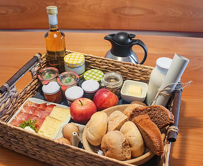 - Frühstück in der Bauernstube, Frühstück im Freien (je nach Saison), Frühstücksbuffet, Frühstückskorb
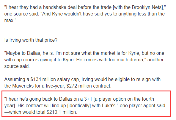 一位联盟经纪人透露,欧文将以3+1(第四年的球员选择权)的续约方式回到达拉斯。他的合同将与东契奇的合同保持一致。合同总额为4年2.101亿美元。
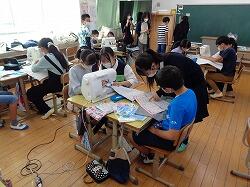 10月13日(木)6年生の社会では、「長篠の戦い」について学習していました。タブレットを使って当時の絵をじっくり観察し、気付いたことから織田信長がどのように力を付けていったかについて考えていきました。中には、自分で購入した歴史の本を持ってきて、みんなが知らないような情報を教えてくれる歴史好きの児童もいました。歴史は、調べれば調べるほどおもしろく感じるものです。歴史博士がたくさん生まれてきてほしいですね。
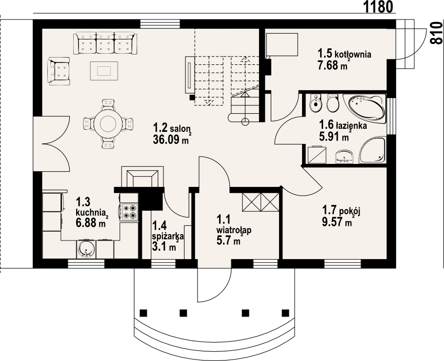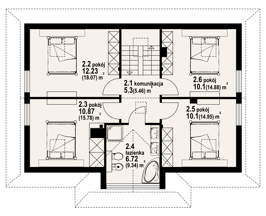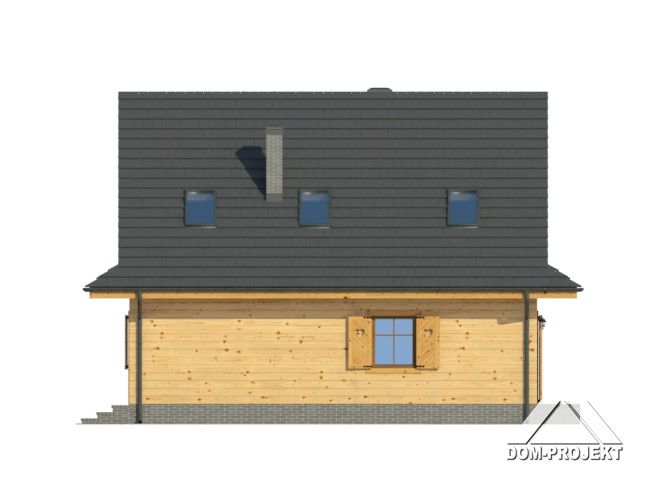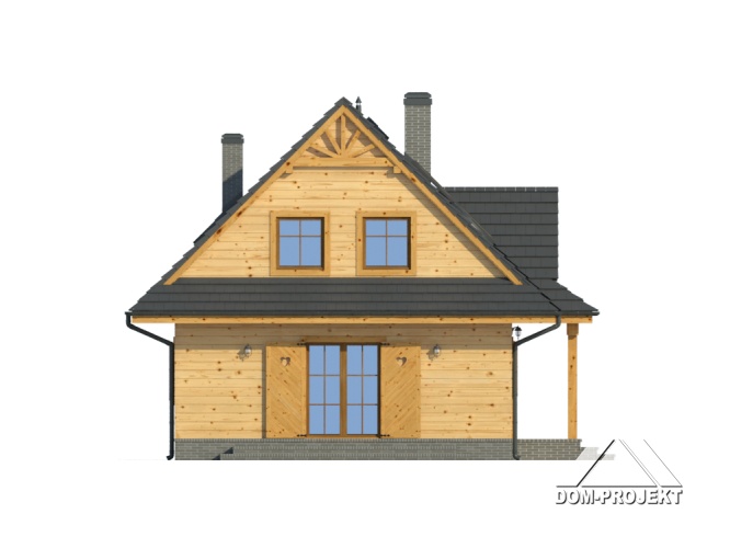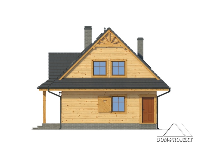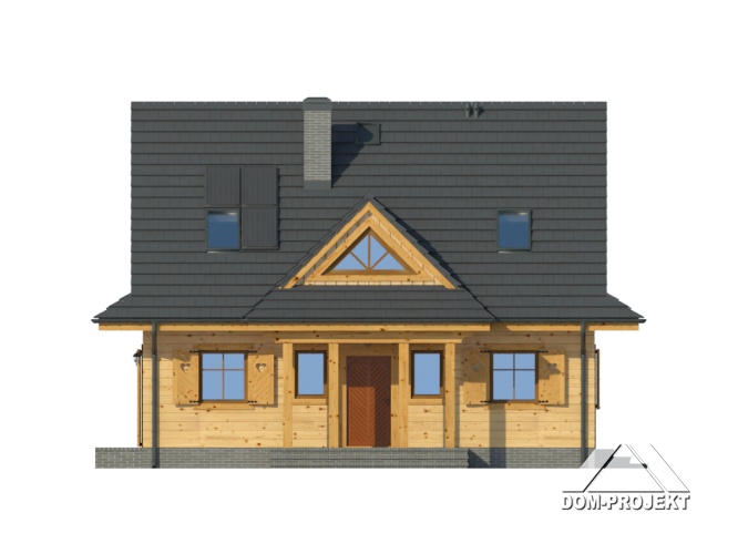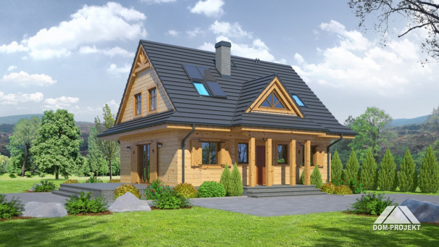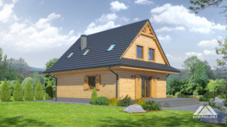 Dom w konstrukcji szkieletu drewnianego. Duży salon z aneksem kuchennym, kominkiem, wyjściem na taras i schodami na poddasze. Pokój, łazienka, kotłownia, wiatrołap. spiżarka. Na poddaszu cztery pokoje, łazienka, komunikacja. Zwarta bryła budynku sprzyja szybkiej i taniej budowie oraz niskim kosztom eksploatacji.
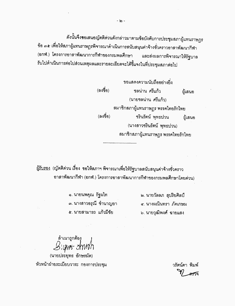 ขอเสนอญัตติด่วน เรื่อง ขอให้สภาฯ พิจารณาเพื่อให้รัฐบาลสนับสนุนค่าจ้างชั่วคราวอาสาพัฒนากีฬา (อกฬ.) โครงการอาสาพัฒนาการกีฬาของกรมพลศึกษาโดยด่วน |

============

**WHAT THIS TASK INVOLVES:**
Restate word for word each line from the top of the listing down to and including the line that holds "10月13日(木)6年生の社". Drop any pictures.

**RESPONSE:**
 - Frühstück in der Bauernstube, Frühstück im Freien (je nach Saison), Frühstücksbuffet, Frühstückskorb
 一位联盟经纪人透露,欧文将以3+1(第四年的球员选择权)的续约方式回到达拉斯。他的合同将与东契奇的合同保持一致。合同总额为4年2.101亿美元。
 10月13日(木)6年生の社会では、「長篠の戦い」について学習していました。タブレットを使って当時の絵をじっくり観察し、気付いたことから織田信長がどのように力を付けていったかについて考えていきました。中には、自分で購入した歴史の本を持ってきて、みんなが知らないような情報を教えてくれる歴史好きの児童もいました。歴史は、調べれば調べるほどおもしろく感じるものです。歴史博士がたくさん生まれてきてほしいですね。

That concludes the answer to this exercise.